The records appear below. Repeat them exactly.
---------- MATERIAL SUPPLIED ----------
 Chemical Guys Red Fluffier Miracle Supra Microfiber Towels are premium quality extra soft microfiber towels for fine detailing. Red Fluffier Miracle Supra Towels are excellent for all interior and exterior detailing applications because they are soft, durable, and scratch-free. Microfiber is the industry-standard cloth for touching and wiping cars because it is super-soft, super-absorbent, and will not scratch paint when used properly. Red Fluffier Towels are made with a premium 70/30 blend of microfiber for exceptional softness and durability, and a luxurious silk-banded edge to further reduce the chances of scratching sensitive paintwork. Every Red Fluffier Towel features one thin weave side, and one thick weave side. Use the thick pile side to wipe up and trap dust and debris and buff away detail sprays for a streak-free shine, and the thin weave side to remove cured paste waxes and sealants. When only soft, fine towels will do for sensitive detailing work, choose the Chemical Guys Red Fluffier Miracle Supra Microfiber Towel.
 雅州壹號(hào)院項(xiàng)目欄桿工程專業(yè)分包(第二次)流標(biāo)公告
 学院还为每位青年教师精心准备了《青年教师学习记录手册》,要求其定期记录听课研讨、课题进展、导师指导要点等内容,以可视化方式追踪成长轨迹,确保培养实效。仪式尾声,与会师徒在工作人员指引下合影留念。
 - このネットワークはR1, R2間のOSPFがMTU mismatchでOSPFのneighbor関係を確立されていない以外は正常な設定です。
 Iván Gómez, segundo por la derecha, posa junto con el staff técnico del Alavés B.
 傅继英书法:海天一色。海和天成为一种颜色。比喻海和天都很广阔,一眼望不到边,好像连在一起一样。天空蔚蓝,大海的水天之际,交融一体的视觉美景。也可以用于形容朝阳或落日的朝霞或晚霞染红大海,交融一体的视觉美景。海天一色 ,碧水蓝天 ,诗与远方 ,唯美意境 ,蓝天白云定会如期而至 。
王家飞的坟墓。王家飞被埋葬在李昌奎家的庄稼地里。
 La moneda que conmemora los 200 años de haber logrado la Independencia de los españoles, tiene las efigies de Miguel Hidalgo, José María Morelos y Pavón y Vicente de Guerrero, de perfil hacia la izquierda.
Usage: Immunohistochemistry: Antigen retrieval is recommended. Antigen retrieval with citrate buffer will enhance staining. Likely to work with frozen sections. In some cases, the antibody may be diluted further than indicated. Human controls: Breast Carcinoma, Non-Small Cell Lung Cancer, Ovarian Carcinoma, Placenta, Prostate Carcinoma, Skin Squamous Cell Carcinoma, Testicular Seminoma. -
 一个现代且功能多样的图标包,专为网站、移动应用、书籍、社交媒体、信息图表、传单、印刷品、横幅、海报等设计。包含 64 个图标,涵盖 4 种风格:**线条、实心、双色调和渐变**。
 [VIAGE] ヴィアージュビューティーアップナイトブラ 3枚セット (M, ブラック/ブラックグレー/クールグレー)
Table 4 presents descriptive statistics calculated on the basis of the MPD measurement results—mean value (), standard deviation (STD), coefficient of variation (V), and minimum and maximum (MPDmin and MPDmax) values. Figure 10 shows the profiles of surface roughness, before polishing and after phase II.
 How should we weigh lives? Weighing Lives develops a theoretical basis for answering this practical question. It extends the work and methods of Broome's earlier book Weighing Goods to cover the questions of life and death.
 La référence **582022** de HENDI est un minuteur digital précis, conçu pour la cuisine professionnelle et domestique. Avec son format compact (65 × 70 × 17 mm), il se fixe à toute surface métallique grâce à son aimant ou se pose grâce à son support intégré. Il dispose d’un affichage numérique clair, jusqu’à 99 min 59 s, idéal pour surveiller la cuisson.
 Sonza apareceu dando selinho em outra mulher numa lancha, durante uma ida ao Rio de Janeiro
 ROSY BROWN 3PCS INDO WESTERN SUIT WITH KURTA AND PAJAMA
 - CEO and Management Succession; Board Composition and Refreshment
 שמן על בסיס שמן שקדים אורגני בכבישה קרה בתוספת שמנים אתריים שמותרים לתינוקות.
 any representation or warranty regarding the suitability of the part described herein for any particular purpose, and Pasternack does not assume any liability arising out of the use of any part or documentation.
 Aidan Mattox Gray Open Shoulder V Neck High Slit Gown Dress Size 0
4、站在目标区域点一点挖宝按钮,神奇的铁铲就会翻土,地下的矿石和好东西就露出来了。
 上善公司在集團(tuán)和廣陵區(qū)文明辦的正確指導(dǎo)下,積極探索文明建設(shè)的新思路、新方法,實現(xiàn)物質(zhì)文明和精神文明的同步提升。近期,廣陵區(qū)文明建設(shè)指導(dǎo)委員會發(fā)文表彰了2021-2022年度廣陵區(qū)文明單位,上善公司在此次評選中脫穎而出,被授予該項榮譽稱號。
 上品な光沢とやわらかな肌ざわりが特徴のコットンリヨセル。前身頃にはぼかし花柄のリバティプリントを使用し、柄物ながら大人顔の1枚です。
----------
■ WRITTEN ANSWER
 Chemical Guys Red Fluffier Miracle Supra Microfiber Towels are premium quality extra soft microfiber towels for fine detailing. Red Fluffier Miracle Supra Towels are excellent for all interior and exterior detailing applications because they are soft, durable, and scratch-free. Microfiber is the industry-standard cloth for touching and wiping cars because it is super-soft, super-absorbent, and will not scratch paint when used properly. Red Fluffier Towels are made with a premium 70/30 blend of microfiber for exceptional softness and durability, and a luxurious silk-banded edge to further reduce the chances of scratching sensitive paintwork. Every Red Fluffier Towel features one thin weave side, and one thick weave side. Use the thick pile side to wipe up and trap dust and debris and buff away detail sprays for a streak-free shine, and the thin weave side to remove cured paste waxes and sealants. When only soft, fine towels will do for sensitive detailing work, choose the Chemical Guys Red Fluffier Miracle Supra Microfiber Towel.
 雅州壹號(hào)院項(xiàng)目欄桿工程專業(yè)分包(第二次)流標(biāo)公告
 学院还为每位青年教师精心准备了《青年教师学习记录手册》,要求其定期记录听课研讨、课题进展、导师指导要点等内容,以可视化方式追踪成长轨迹,确保培养实效。仪式尾声,与会师徒在工作人员指引下合影留念。
 - このネットワークはR1, R2間のOSPFがMTU mismatchでOSPFのneighbor関係を確立されていない以外は正常な設定です。
 Iván Gómez, segundo por la derecha, posa junto con el staff técnico del Alavés B.
 傅继英书法:海天一色。海和天成为一种颜色。比喻海和天都很广阔,一眼望不到边,好像连在一起一样。天空蔚蓝,大海的水天之际,交融一体的视觉美景。也可以用于形容朝阳或落日的朝霞或晚霞染红大海,交融一体的视觉美景。海天一色 ,碧水蓝天 ,诗与远方 ,唯美意境 ,蓝天白云定会如期而至 。
王家飞的坟墓。王家飞被埋葬在李昌奎家的庄稼地里。
 La moneda que conmemora los 200 años de haber logrado la Independencia de los españoles, tiene las efigies de Miguel Hidalgo, José María Morelos y Pavón y Vicente de Guerrero, de perfil hacia la izquierda.
Usage: Immunohistochemistry: Antigen retrieval is recommended. Antigen retrieval with citrate buffer will enhance staining. Likely to work with frozen sections. In some cases, the antibody may be diluted further than indicated. Human controls: Breast Carcinoma, Non-Small Cell Lung Cancer, Ovarian Carcinoma, Placenta, Prostate Carcinoma, Skin Squamous Cell Carcinoma, Testicular Seminoma. -
 一个现代且功能多样的图标包,专为网站、移动应用、书籍、社交媒体、信息图表、传单、印刷品、横幅、海报等设计。包含 64 个图标,涵盖 4 种风格:**线条、实心、双色调和渐变**。
 [VIAGE] ヴィアージュビューティーアップナイトブラ 3枚セット (M, ブラック/ブラックグレー/クールグレー)
Table 4 presents descriptive statistics calculated on the basis of the MPD measurement results—mean value (), standard deviation (STD), coefficient of variation (V), and minimum and maximum (MPDmin and MPDmax) values. Figure 10 shows the profiles of surface roughness, before polishing and after phase II.
 How should we weigh lives? Weighing Lives develops a theoretical basis for answering this practical question. It extends the work and methods of Broome's earlier book Weighing Goods to cover the questions of life and death.
 La référence **582022** de HENDI est un minuteur digital précis, conçu pour la cuisine professionnelle et domestique. Avec son format compact (65 × 70 × 17 mm), il se fixe à toute surface métallique grâce à son aimant ou se pose grâce à son support intégré. Il dispose d’un affichage numérique clair, jusqu’à 99 min 59 s, idéal pour surveiller la cuisson.
 Sonza apareceu dando selinho em outra mulher numa lancha, durante uma ida ao Rio de Janeiro
 ROSY BROWN 3PCS INDO WESTERN SUIT WITH KURTA AND PAJAMA
 - CEO and Management Succession; Board Composition and Refreshment
 שמן על בסיס שמן שקדים אורגני בכבישה קרה בתוספת שמנים אתריים שמותרים לתינוקות.
 any representation or warranty regarding the suitability of the part described herein for any particular purpose, and Pasternack does not assume any liability arising out of the use of any part or documentation.
 Aidan Mattox Gray Open Shoulder V Neck High Slit Gown Dress Size 0
4、站在目标区域点一点挖宝按钮,神奇的铁铲就会翻土,地下的矿石和好东西就露出来了。
 上善公司在集團(tuán)和廣陵區(qū)文明辦的正確指導(dǎo)下,積極探索文明建設(shè)的新思路、新方法,實現(xiàn)物質(zhì)文明和精神文明的同步提升。近期,廣陵區(qū)文明建設(shè)指導(dǎo)委員會發(fā)文表彰了2021-2022年度廣陵區(qū)文明單位,上善公司在此次評選中脫穎而出,被授予該項榮譽稱號。
 上品な光沢とやわらかな肌ざわりが特徴のコットンリヨセル。前身頃にはぼかし花柄のリバティプリントを使用し、柄物ながら大人顔の1枚です。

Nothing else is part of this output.